It’s not unusual these days to see children staying with their parents into their late twenties or even up to their thirties and beyond. The cost of buying a home these days is far too high for a single young adult to manage and they need to rely on their parents in order to be able to afford the deposit for a new home. In fact, it’s getting so bad that it’s been given a name; the bank of Mum and Dad. When millennials see their friends brandishing keys to a new house, the only question on their mind is “how much money did their parents give them?”
In the past, it was actually quite common for people to purchase their own homes between the ages of 20 and 24. The Social Mobility Commission reports that around 40% of young adults in this age bracket during the 1990s were able to purchase their own homes. By 2010, a full two decades later, this percentage dropped to just 13%. Older age brackets were slightly more successful, but the percentage of people buying their own homes still dropped a considerable amount over the past two decades.
Unfortunately, not every parent can just offer their children tens of thousands for a home deposit. Many parents are still working and paying off their own mortgage, so unless they’re wealthy or have managed to clear their financial obligations, not everyone can rely on their parents for the money. Millennials without wealthy parents will likely need to rely on their own financial ability in order to pay for both the deposit to their home and the ongoing mortgage, meaning it can get very expensive and they’ll need to live frugally for close to a decade in order to afford their own home.
Luckily, there are options for these budding homeowners with parents that are willing to help out even if they aren’t wealthy and have thousands to spare for a deposit. With products like guarantor mortgages and family springboard mortgages, there’s still hope even for those that don’t come from wealthy backgrounds and don’t have financially secure parents that can provide a substantial chunk of money for their first property.
A guarantor mortgage, for instance, is a way of securing a mortgage that doesn’t actually require a deposit comments Dave Beard from mortgage comparison website Lending Expert. Instead, it relies on using a guarantor, often a parent that helps to cover the repayments should the buyer fail for financial reasons. It’s often called a family assisted mortgage and is often used when the parents can provide some support on a monthly basis in case the buyer can’t cover the payments themselves. This guide goes into the role of the guarantor in further detail.
The second option is a family springboard loan. Again, it doesn’t require a deposit but does need 10% of the property’s price up front by parents or loved ones.

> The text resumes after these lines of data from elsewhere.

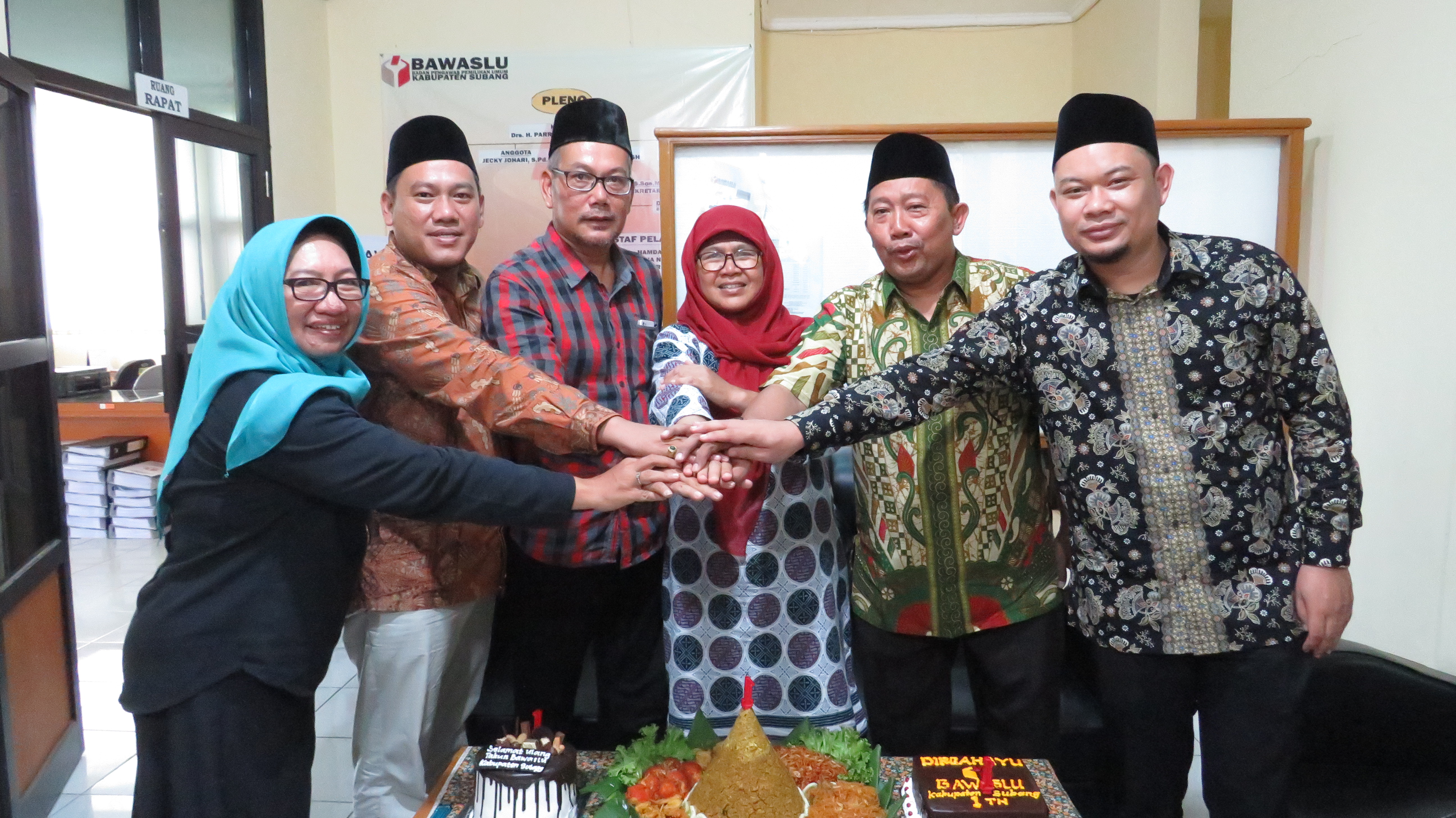 Subang, 15 Agustus 2019. Ketua, Anggota, Korsek dan Jajaran Kesekretariatan Bawaslu Kabupaten Subang melakukan Perayaan ulang tahun KE-1 di Sekretariat Bawaslu Kabupaten Subang.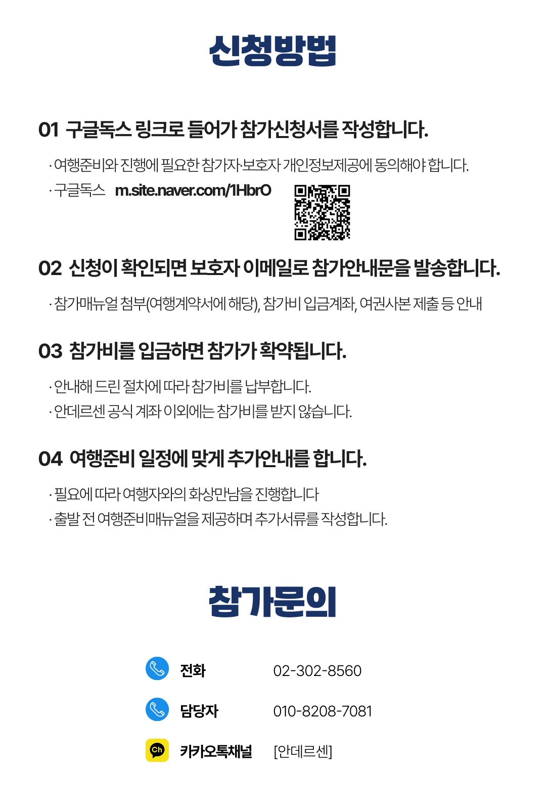 상세한 여행준비를 위해 구글 참가신청서를 작성해주셔야 합니다. 구글독스 참가신청서를 작성하지 않으면 정상적으로 예약이 접수되지 않습니다. 클릭하면 바로 구글 참가신청서로 연결됩니다.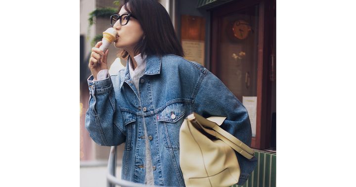 デニムジャケット¥16,500(リーバイス®×ジャーナル スタンダード レリューム/ジャーナル スタンダード レリューム ルミネ新宿店)ニット¥94,600(カオス/Chaos GINZA SIX)シャツ¥30,800(スローン/ザ ショップ スローン 新静岡セノバ店)ハーフパンツ¥38,500(SEA/エスストア)メガネ¥42,900(アイヴァン/アイヴァン 東京ギャラリー)ピアス¥22,000(ブランイリス/ブランイリス トーキョー)バッグ¥372,900(トッズ/トッズ・ジャパン)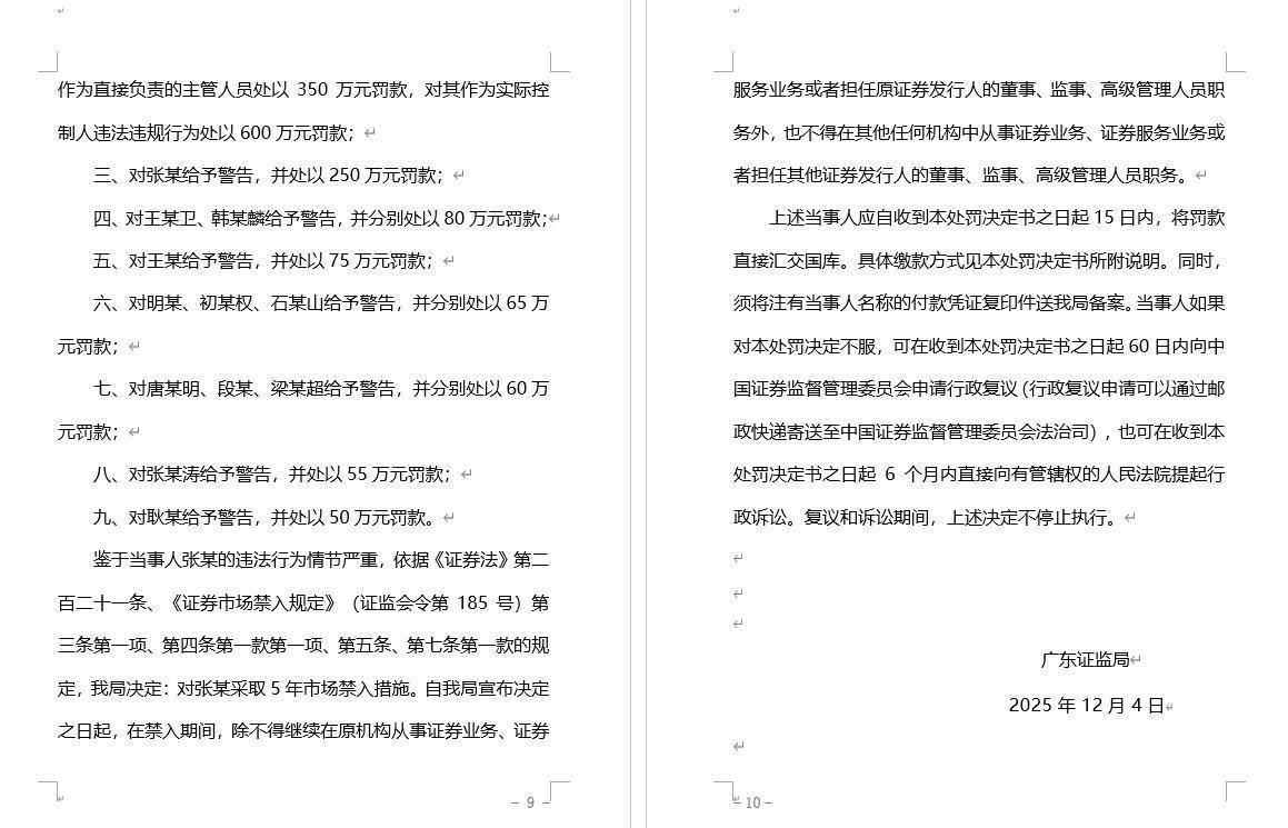 针对以上问题,广东证监局决定对广东华铁通达高铁装备股份有限公司责令改正,给予警告配资平开户,并处以500万元罚款;对宣某国给予警告,并处以950万元罚款;对张某给予警告,处以250万元罚款,并采取5年市场禁入措施;对王某卫、韩某麟给予警告,并分别处以80万元罚款;对王某给予警告,并处以75万元罚款;对明某、初某权、石某山给予警告,并分别处以65万元罚款;对唐某明、段某、梁某超给予警告,并分别处以60万元罚款;对张某涛给予警告,并处以55万元罚款;对耿某给予警告,并处以50万元罚款。
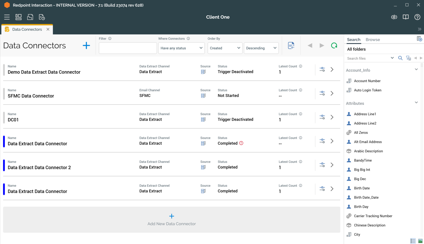 Data Connectors allow you to transfer data, on a repeating basis, to a third party. Data connectors provide a simpler way to effect data integration without the unnecessary overhead inherent in performing this task using an interaction.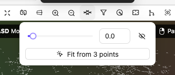 Fit from 3 points: Select 3 points on any point cloud to automatically fit the ground plane. This is useful when the ground is not flat or is at an angle.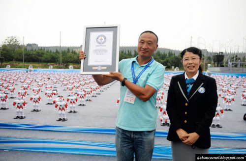 Agensi berita Xinhua melaporkan pada asalnya, sejumlah 1,040 robot yang setiap satu setinggi 43.8 sentimeter telah melakukan cabaran itu di bandar pelabuhan Qingdao.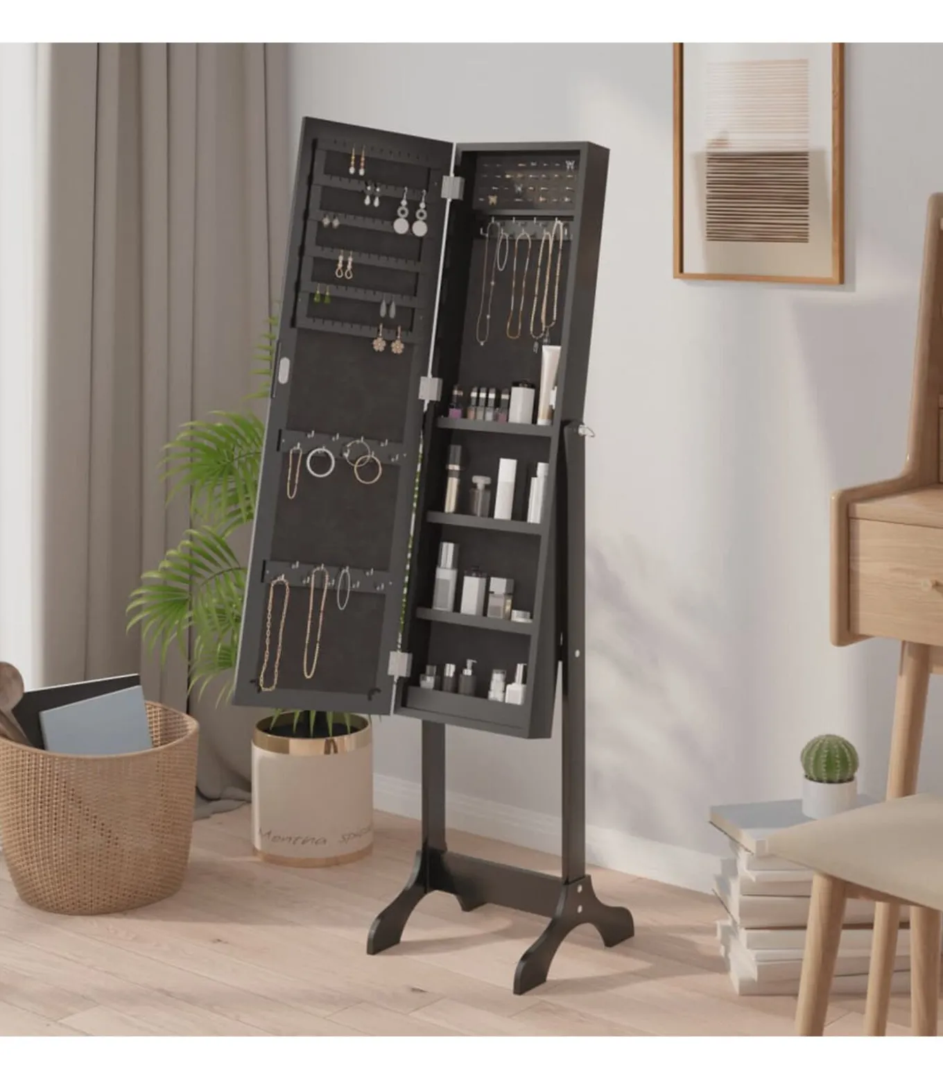 Spiegel vrijstaand 34x37x146 cm zwart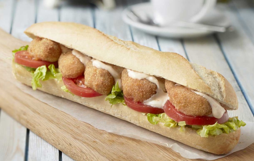 - To assemble the Po’boys, divide the lettuce between the four baguettes, add a layer of sliced tomatoes and cucumber then arrange the scampi on top.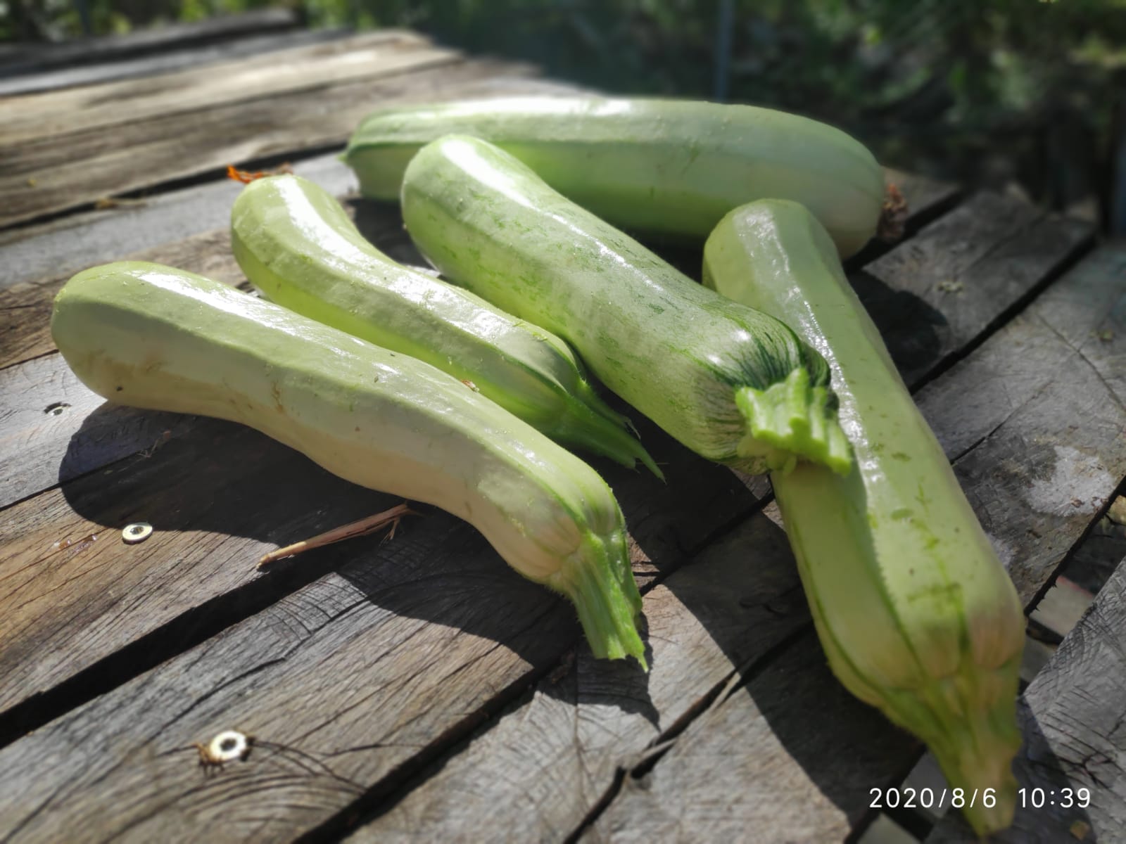 Estos calabacines de color verde blanquecino (variedad clarita) son muy productivos. Tienen una longitud de unos 20 cm y resultan muy finos. Es la hortaliza por excelencia del verano ya que al altura a la que nos encontramos, es a finales de julio o principios de agosto cuando comienza la cosecha.

This is used as security and the buyer will be given full rights to the property since the parents don’t count as guarantors. Another added benefit is that the parents will receive their money back with interest once the home has been purchased.
These parent-centric mortgage opportunities are great for millennials, even if their loved ones can only provide a bit of support. However, it does further cement the idea of “the bank of Mum & Dad” which millennials might not be too pleased about. Sadly, there’s no denying that parents are a major source of financial support for any millennial that wants to get on the property ladder.